Надо отметить, что реформа оказалась чрезвычайно удачной, червонец быстро был признан населением надежной валютой, в чьей ценности не сомневались.

Такова общая канва послереволюционного развития экономики вплоть до окончания Гражданской войны. Но все это касается именно экономической политики нового правительства, его принципиальных решений по стабилизации жизни. Чем же все эти декреты аукались на местах и что творилось на территориях, занятых красными, белыми и их союзниками, немецкими оккупантами на Украине, в Диком поле махновских банд и всевозможных «батек»?

Как это ни покажется странным, полного обесценивания бумажных денег и перехода на систему обмена товара на товар все же не произошло.

Центр

Раньше и тяжелее всего последствия двух революций 1917 года отразились в крупных городах, в первую очередь в силу их зависимости от работы городских коммуникаций, транспорта и поставок продовольствия из сел. В 1917 году сохранялось еще какое-то подобие прежней жизни, но центробежные силы разрушения прежних устоев все стремительнее набирали силу. Разложение коснулось буквально всех слоев общества. Жили, что называется, как в последний день.

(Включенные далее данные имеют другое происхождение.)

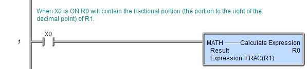 The Fractional Portion of a Real Number (FRAC) instruction returns only the fractional portion of a Real number, that is, the portion to the right of the decimal point. Negative real numbers return negative values.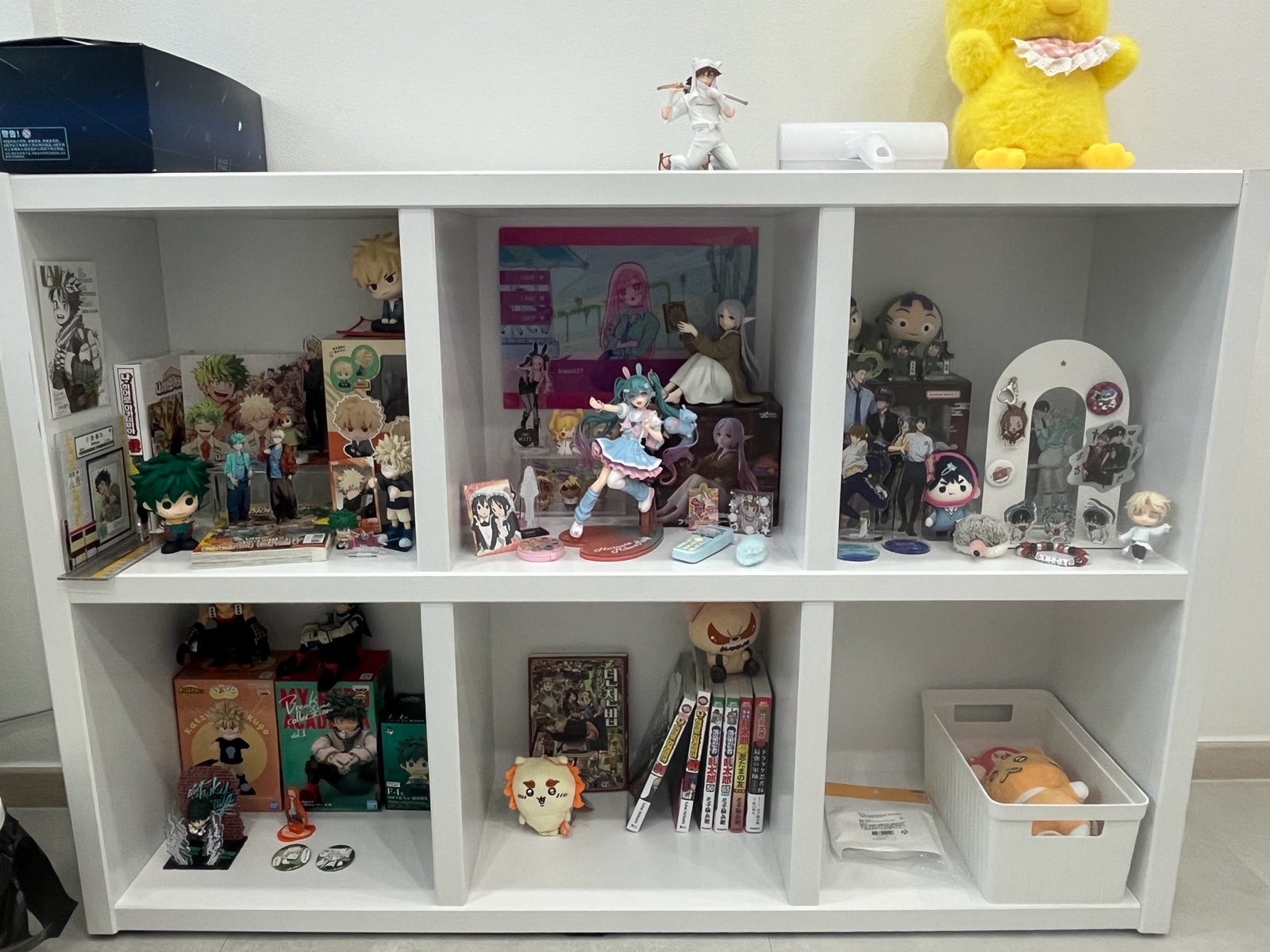 진열장 현 상태인데 현재 본진이 힐앜이라 힐앜존, 미소녀존, 그외 탈덕까진 아닌 휴덕존으로 했는데 생각보다 힐앜 굿즈가 많아서 배치가 고민임.. 되도록 피규어는 바닥 쪽엔 두기 싫은데… 난 왜 3단이 아니라 2단 진열장을 골랐을까…. 굿즈존 꾸미기 좋은 상품이나 아이디어 있을까??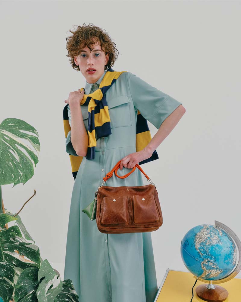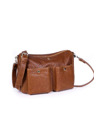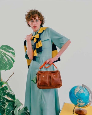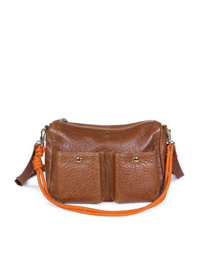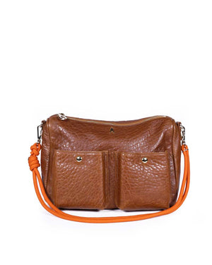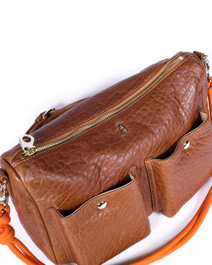 Sac avec 2 poches externes / 2 bandoulières cuir + corde / cuir bubble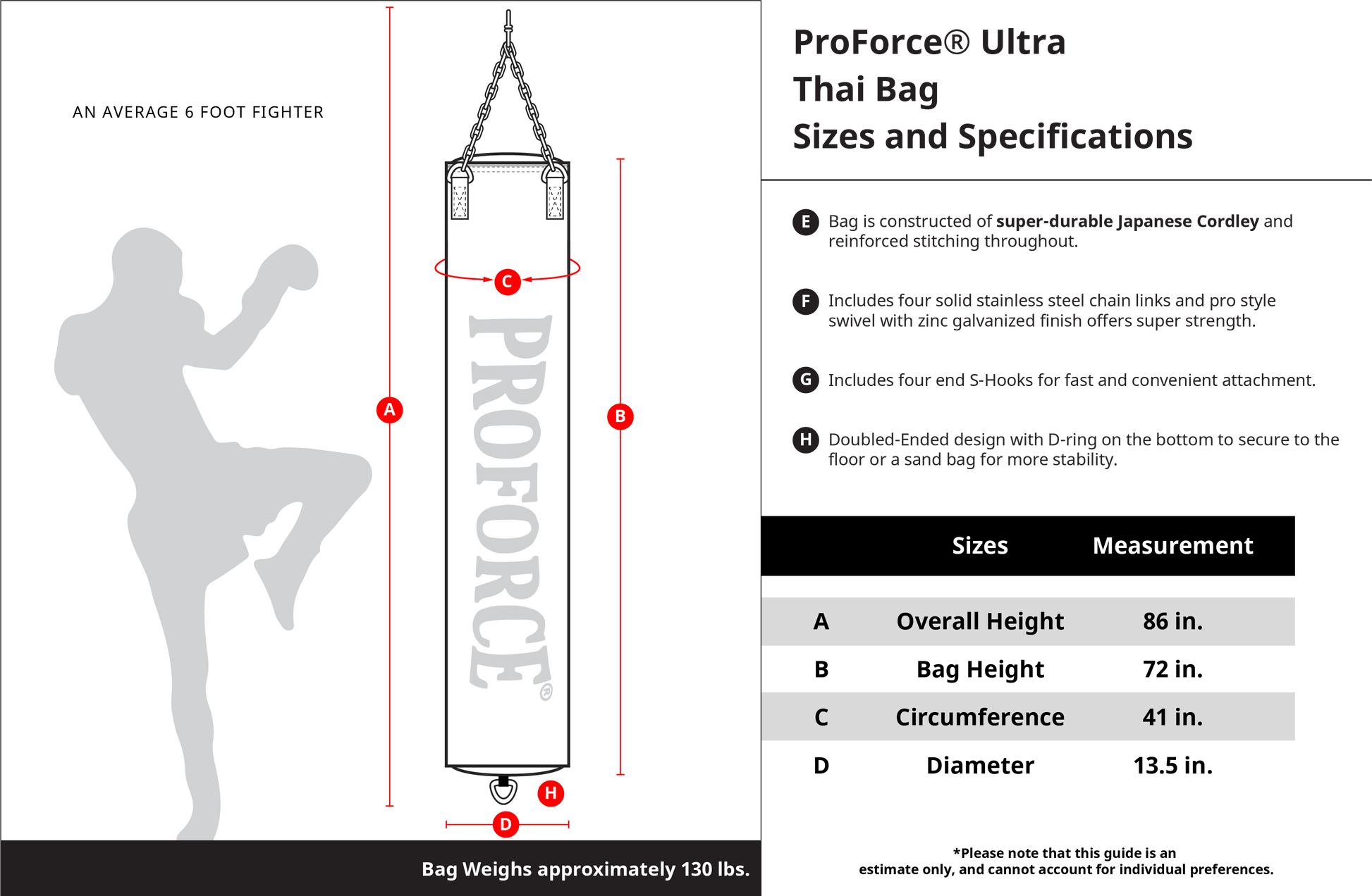 Constructed of super durable Japanese Cordley. Reinforced stitching throughout. Includes four solid stainless steel chain links and pro style swivel with zinc galvanized finish. Includes four s hooks for fast and convenient attachment. Double ended design with D-ring on the bottom to secure to the floor or a sand bag for more stability.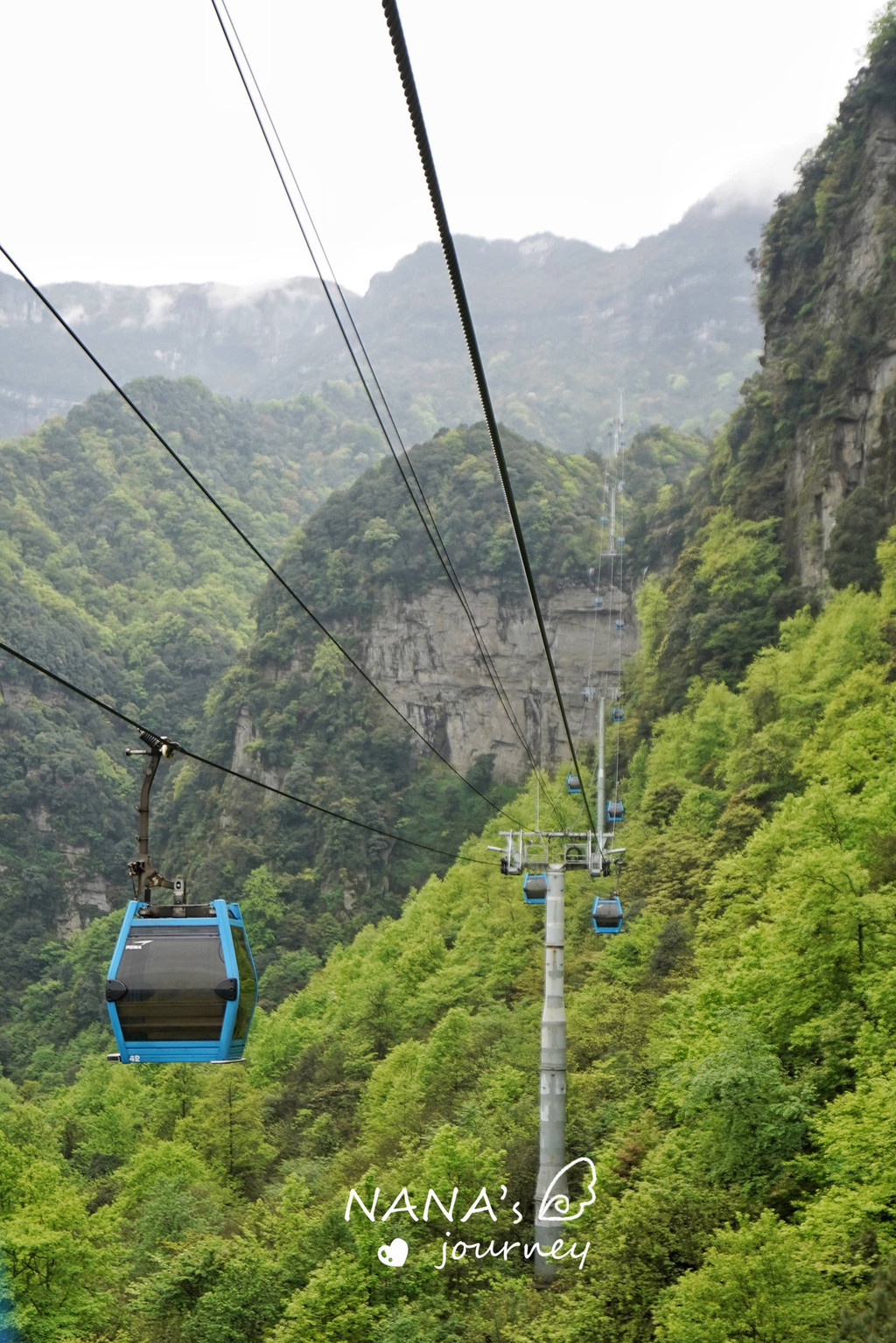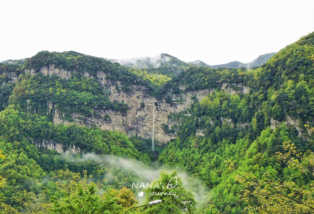 而这条索道更是中国垂直直上角度最大的索道,简单来说,很刺激。一路上,能看到迎客的招牌大瀑布,直挂在前方大块的岩壁之上,飞流直下。

Вот что вспоминал известный писатель Илья Эренбург о своем пребывании в 1917 году в Петрограде и Москве: «(Петроград. – Авт.) На улицах ловили дезертиров; патрули, проверявшие документы, сами походили на дезертиров. Однажды я видел, как два офицера отобрали у женщины мешок с сахарным песком. Она вопила: «Ироды!..» Когда она ушла, один из офицеров крикнул вслед, что скоро ее приставят к стенке – Керенский потакает мешочникам, но и на него найдется управа. Потом офицеры, не стесняясь прохожих, поделили между собой добычу.

В магазинах можно было купить гаванские сигары, севрские вазы, стихи графини де Ноай. В кондитерских подавали кофе с медом (сахара уже не было), а вместо пирожных – тоненькие ломтики белого хлеба и повидло. Извозчики больше не говорили про овес, только угрюмо ругались. Один поэт, с которым я познакомился в редакции “Биржевки”, сказал: “Единственная надежда на генерала Корнилова. Его зовут Лавр – это символично…”

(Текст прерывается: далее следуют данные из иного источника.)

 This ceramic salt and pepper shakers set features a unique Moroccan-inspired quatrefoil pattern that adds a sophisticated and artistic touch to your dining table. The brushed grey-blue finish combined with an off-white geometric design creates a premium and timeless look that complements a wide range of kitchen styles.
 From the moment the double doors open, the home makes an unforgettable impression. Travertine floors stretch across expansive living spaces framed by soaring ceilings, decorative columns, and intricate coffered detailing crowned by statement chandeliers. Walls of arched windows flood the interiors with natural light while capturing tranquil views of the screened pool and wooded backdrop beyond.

Валерий Яковлевич (Брюсов) жил на Первой Мещанской (Москва. – Авт.); чтобы попасть к нему, я должен был пересечь знаменитую Сухаревку. Если Ватикан в Риме – независимое государство, то таким государством в Москве 1917 года была Сухаревка; она не подчинялась ни Временному правительству, ни Совету рабочих депутатов, ни милиции. Прекрасная башня высилась над грандиозным рынком; здесь, кажется, еще жила Древняя Русь с ее слепцами, певшими заунывные песни, с нищими, с юродивыми. Матерщина перебивалась причитаниями, древняя божба – разговорами о «керенках», о буржуях, о большевиках. Кого только тут не было: и дезертиры, и толстущие бабы из окрестных деревень, и оказавшиеся безработными гувернантки, экономки, приживалки, и степенные чиновницы, и воры-рецидивисты, и сопляки, торговавшие рассыпными папиросами, и попы с кудахчущими курами. Все это шумело, чертыхалось, покрикивало, притопывало – человеческое море…

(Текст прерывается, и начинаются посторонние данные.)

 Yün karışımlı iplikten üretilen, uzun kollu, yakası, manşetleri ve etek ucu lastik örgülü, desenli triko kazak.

Все начинают беседовать о пеонах и ямбах, о символистах и футуристах. Лишь четверть часа спустя по поводу пастилы, стоящей семь рублей и заменяющей сахар, все возвращаются на землю. И снова стонет интеллигент:

– Хамы! Палку! Генерала!..

Издеваясь над другими, я издевался над собой: я не мечтал ни о палке, ни о генерале, ни о дешевой пастиле, но понять происходящее не мог.

Москва жила, как на вокзале, – в ожидании третьего звонка. Устраивали облавы на дезертиров. Ругались повсюду, а особенно в трамваях, которые ползли, облепленные людьми. В “Метрополе” отчаявшиеся либералы пили французское шампанское, расплачиваясь большими листами неразрезанных “керенок”; по привычке они бормотали, что нужно спасти Россию, может быть, им и хотелось спасти себя, но они больше ни во что не верили. В кафе “Бом” новоиспеченные издатели уверяли, что издадут “Гавриилиаду”, мемуары Распутина и полное собрание сочинений любого из нас; некоторые быстро остывали к издательскому делу и переходили на мануфактуру или на сахар. В чайных на Шаболовке люди угрюмо ждали развязки…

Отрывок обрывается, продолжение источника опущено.